Community‐based rehabilitation interventions for people with disabilities in low‐and middle‐income countries are effective

Added April 28, 2020

Citation: Iemmi V, Gibson L, Blanchet K, et al. Community‐based rehabilitation for people with disabilities in low‐and middle‐income countries: A systematic review. Campbell Systematic Reviews 2015; 11(1): 1-177

What is this: The COVID-19 pandemic is placing a strain on health and social care services. Existing research on community‐based rehabilitation for people with disabilities may provide policy makers with information to help with this.

In this Campbell systematic review, the authors searched for research that compared different types of community‐based rehabilitation interventions in low‐ and middle‐income countries for people with physical and mental disabilities. They restricted their search to studies published after 1976 but did not restrict by type or language of publication and did their search in July 2012. They included 10 randomised trials, 2 non‐randomised controlled studies, 2 controlled before‐after studies and 1 interrupted time series study. The studies focussed on physical disabilities (6 studies) or mental disabilities (9).

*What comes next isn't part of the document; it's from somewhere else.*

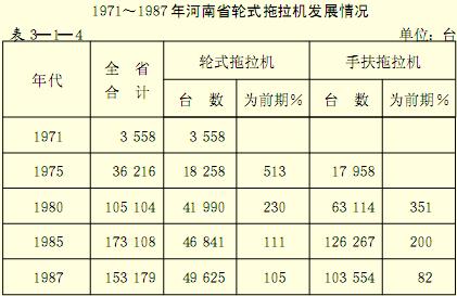 (五)拖拉机 1972年11月,省交通局、公安局、农林局联合通知,轮式拖拉机准许经营公路运输。1979年以后,全省拖拉机发展迅速。1984年国务院决定个人或联户的机动车和拖拉机准许经营公路运输,全省拖拉机有了大的发展,1987年已有各类运输用拖拉机153179台,其中小型拖拉机49625台,手扶拖拉机103554台,分别为1978年的186.8%、172.6%和194.6%。私人拖拉机139354台,占90.9%。

What works: Community‐based rehabilitation interventions improved clinical outcomes and enhanced functioning and quality of life of people with a disability in low- and middle-income countries.

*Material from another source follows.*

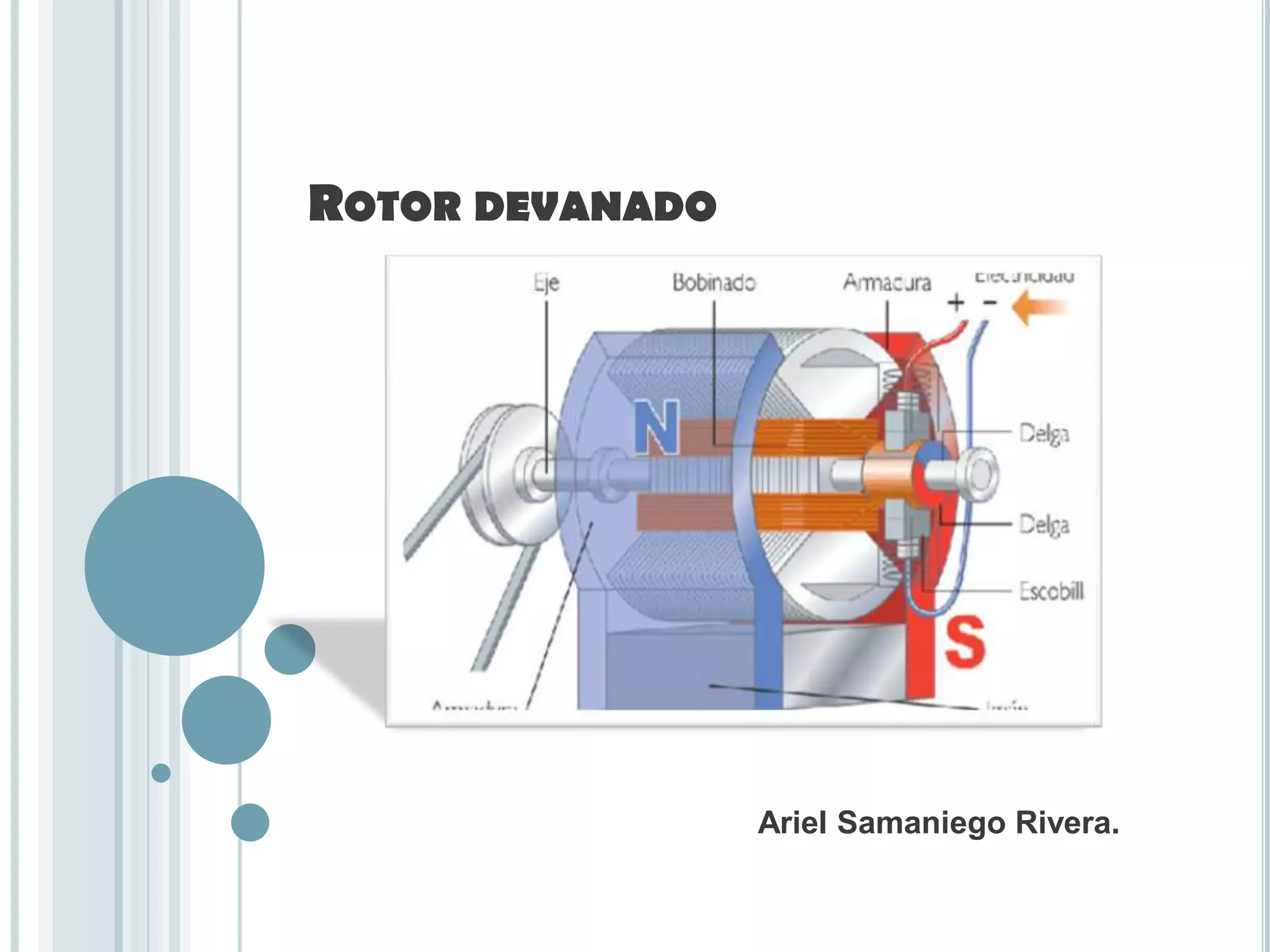 El documento describe el rotor devanado de un motor de inducción, el cual lleva bobinas conectadas a anillos deslizantes en el eje que se conectan a resistencias variables para poner el rotor en cortocircuito al igual que la jaula de ardilla. El campo magnético giratorio del estator induce corriente en el rotor secundario, cuya corriente y campo magnético inducido causan la rotación del motor. El documento también lista los componentes principales de un motor de inducción simple y ofrece algunas observaciones sobre los motores de rotor devanado.

Community‐based rehabilitation interventions had positive impact on the lives of people with physical disabilities (stroke and chronic obstructive pulmonary disease) and people with mental disabilities (schizophrenia, dementia and intellectual impairment), and for the carers of people with dementia.

What doesn’t work: Nothing noted.

What is uncertain: The cost-effectiveness of community‐based rehabilitation for people with disabilities in low‐and middle‐income countries is uncertain.

 

Disclaimer: This summary has been written by staff and volunteers of Evidence Aid in order to make the content of the original document accessible to decision makers who are searching for the available evidence on the coronavirus (COVID-19) but may not have the time, initially, to read the original report in full. This summary is not intended as a substitute for the medical advice of physicians, other health workers, professional associations, guideline developers, or national governments and international agencies. If readers of this summary think that the evidence that is presented within it is relevant to their decision-making they should refer to the content and details of the original article, and the advice and guidelines offered by other sources of expertise, before making decisions. Evidence Aid cannot be held responsible for any decisions made about the coronavirus (COVID-19) on the basis of this summary alone.